Catti-brie was more diligent, her written record of the verse far more complete. But she, too, had been overwhelmed and surprised, and simply couldn't be certain of how accurate her recording might be.

"I would have liked to share a night such as this with him," Drizzt said, his voice shattering the stillness so abruptly that the young woman nearly jabbed her quill through the fragile parchment. She looked up to Drizzt, whose eyes were high, his gaze focused on the moon.

"Just one," the drow went on. "Zaknafein would have loved the surface night."

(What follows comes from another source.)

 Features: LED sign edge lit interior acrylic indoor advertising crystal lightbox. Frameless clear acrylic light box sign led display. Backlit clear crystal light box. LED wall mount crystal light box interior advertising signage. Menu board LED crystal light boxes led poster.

Catti-brie smiled, not doubting the claim. Drizzt had spoken to her many times about his father. Drizzt's soul was the legacy of his father's, not of his evil mother's. The two were alike, in combat and in heart, with the notable exception that Drizzt had found the courage to walk away from Menzoberranzan, whereas Zaknafein had not. He had remained with the evil dark elves and had eventually come to be sacrificed to the Spider Queen.

"Given to Lloth and by Lloth given."

The true line came suddenly to Catti-brie. She whispered it once aloud, hearing the ring and knowing it to be exact, then went back to her parchment and located the line. She had written, "for" instead of "to," which she quickly corrected.

Every little word could be vital.

"I suspect that the danger I now face is beyond anything we have ever witnessed," Drizzt went on, talking to himself as much as to Catti-brie.

Catti-brie didn't miss his use of the personal pronoun, instead of the collective. She too was involved, a point that she was about to make clear, but another line came to her, jogged by Drizzt's proclamation.

"That thee might seek the darkest of trails."

Catti-brie realized that was the next line and her quill went to work. Drizzt was talking again, but she hardly heard him. She did catch a few words, though, and she stopped writing, her gaze lifting from the parchment to consider the drow. He was speaking again of going off alone!

"The verse was for us two," Catti-brie reminded him.

"The dark trail leads to my father," Drizzt replied, "a drow you have never met."

"Yer point being?" Catti-brie asked.

"The trail is for me to walk ..."

"With meself," Catti-brie said determinedly. "Don't ye be doing that again!" she scolded. "Ye walked off once on me, and nearly brought ruin upon yerself and us all for yer stupidity!"

Drizzt swung about and eyed her directly. How he loved this woman! He knew that he could not argue the point with her, knew that whatever arguments he might present, she would defeat them, or simply ignore them.

"I'm going with ye, all the way," Catti-brie said, no compromise in her firm tone. "And me thinkin's that Deudermont and Harkle, and maybe a few o' the others're coming along, too. And just ye try to stop us, Drizzt Do'Urden!"

Drizzt began to reply, but changed his mind. Why bother? He would never talk his friends into letting him walk this dark course alone. Never.

He looked back out to the dark sea and to the moon and stars, his thoughts drifting back to Zaknafein and the "golden ring," the witch had held out to him.

"It will take at least two weeks to get back to port," he lamented.

"Three, if the wind doesn't come up strong," Catti-brie put in, her focus never leaving the all-important parchment.

Not so far away, on the main deck just below the rail of the poop deck, Harkle Harpell rubbed his hands eagerly. He shared Drizzt's lament that all of this would take so very long, and had no stomach for another two or three weeks of rolling about on the empty water.

"The fog of fate," he mouthed quietly, thinking of his new, powerful spell, the enchantment that had brought him out to the Sea Sprite in the first place. The opportunity seemed perfect for him to energize his new spell once more.